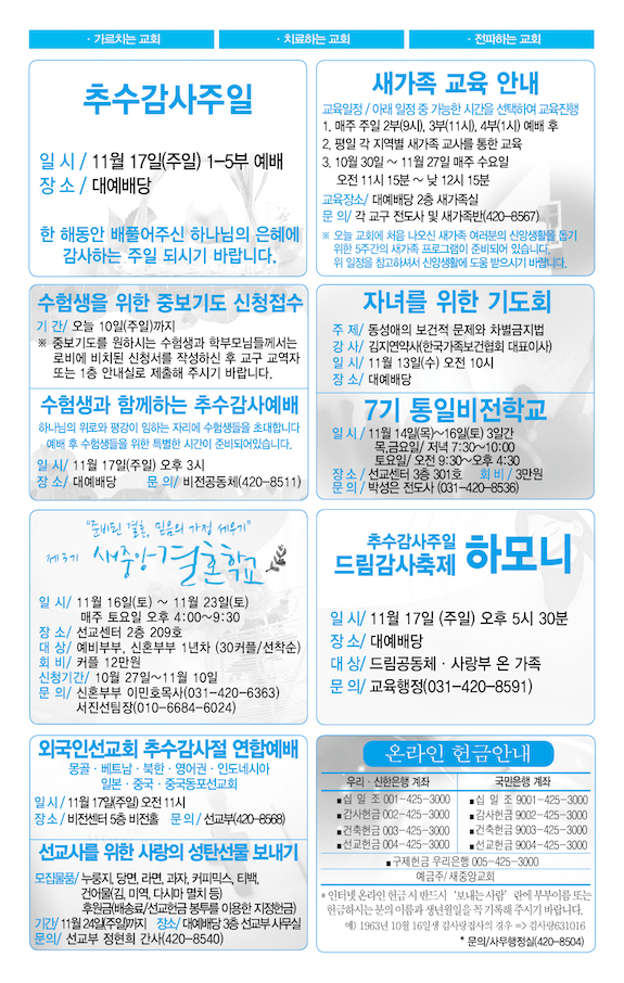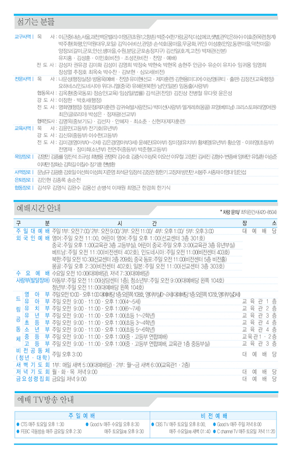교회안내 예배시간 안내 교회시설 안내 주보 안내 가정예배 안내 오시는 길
--
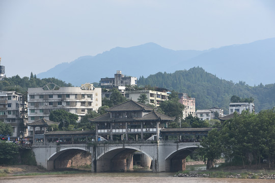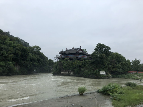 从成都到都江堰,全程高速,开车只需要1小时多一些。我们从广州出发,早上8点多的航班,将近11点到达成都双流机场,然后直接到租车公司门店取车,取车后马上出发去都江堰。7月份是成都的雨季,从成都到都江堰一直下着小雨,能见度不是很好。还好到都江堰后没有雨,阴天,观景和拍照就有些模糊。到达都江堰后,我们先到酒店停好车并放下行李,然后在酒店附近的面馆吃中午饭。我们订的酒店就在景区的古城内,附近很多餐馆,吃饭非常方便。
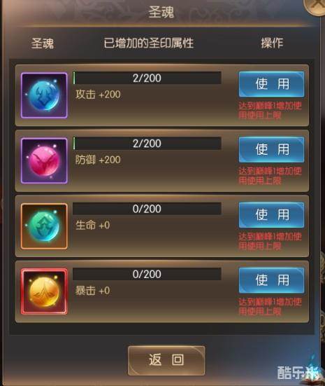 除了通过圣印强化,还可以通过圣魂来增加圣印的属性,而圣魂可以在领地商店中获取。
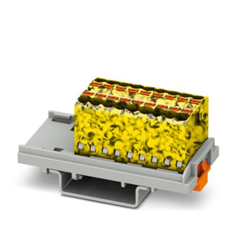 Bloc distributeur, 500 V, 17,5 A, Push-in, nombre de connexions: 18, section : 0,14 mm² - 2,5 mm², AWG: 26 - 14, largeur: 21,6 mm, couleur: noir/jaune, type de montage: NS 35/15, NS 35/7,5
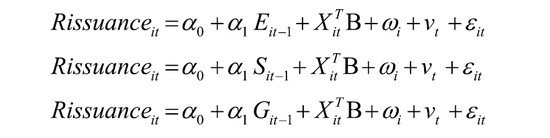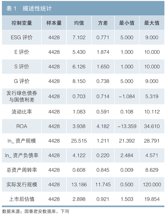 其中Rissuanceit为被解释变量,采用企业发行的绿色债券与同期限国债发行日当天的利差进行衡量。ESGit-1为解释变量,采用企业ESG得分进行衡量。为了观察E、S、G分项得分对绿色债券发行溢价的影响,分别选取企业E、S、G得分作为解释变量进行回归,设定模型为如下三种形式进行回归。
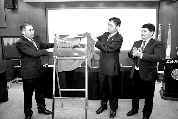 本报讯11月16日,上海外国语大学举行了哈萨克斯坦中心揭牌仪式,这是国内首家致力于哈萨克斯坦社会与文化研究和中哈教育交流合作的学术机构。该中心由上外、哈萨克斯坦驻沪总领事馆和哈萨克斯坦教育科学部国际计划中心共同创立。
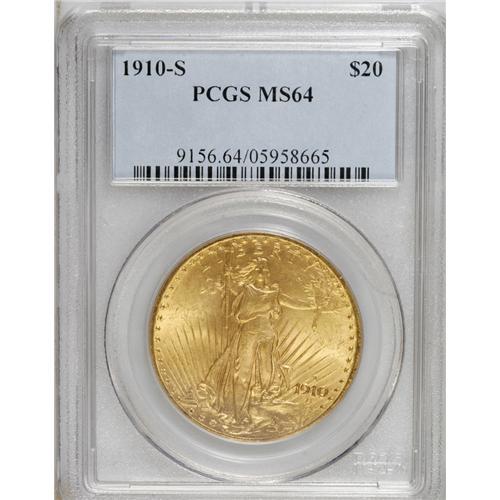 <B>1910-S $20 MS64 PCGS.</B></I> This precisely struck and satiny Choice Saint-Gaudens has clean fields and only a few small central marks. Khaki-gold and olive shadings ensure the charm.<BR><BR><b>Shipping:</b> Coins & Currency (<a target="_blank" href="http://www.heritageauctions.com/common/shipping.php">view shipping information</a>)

* _What to work on_
Beginning with the line that contains "除了通过圣印强化,还可以通过圣魂来增加圣印的属性,而圣魂可以在领地商店中获取。" and ending with the line that contains "本报讯11月16日,上海外国", reproduce the listing exactly, pictures excluded.

* _Answer_
 除了通过圣印强化,还可以通过圣魂来增加圣印的属性,而圣魂可以在领地商店中获取。
 Bloc distributeur, 500 V, 17,5 A, Push-in, nombre de connexions: 18, section : 0,14 mm² - 2,5 mm², AWG: 26 - 14, largeur: 21,6 mm, couleur: noir/jaune, type de montage: NS 35/15, NS 35/7,5
 其中Rissuanceit为被解释变量,采用企业发行的绿色债券与同期限国债发行日当天的利差进行衡量。ESGit-1为解释变量,采用企业ESG得分进行衡量。为了观察E、S、G分项得分对绿色债券发行溢价的影响,分别选取企业E、S、G得分作为解释变量进行回归,设定模型为如下三种形式进行回归。
 本报讯11月16日,上海外国语大学举行了哈萨克斯坦中心揭牌仪式,这是国内首家致力于哈萨克斯坦社会与文化研究和中哈教育交流合作的学术机构。该中心由上外、哈萨克斯坦驻沪总领事馆和哈萨克斯坦教育科学部国际计划中心共同创立。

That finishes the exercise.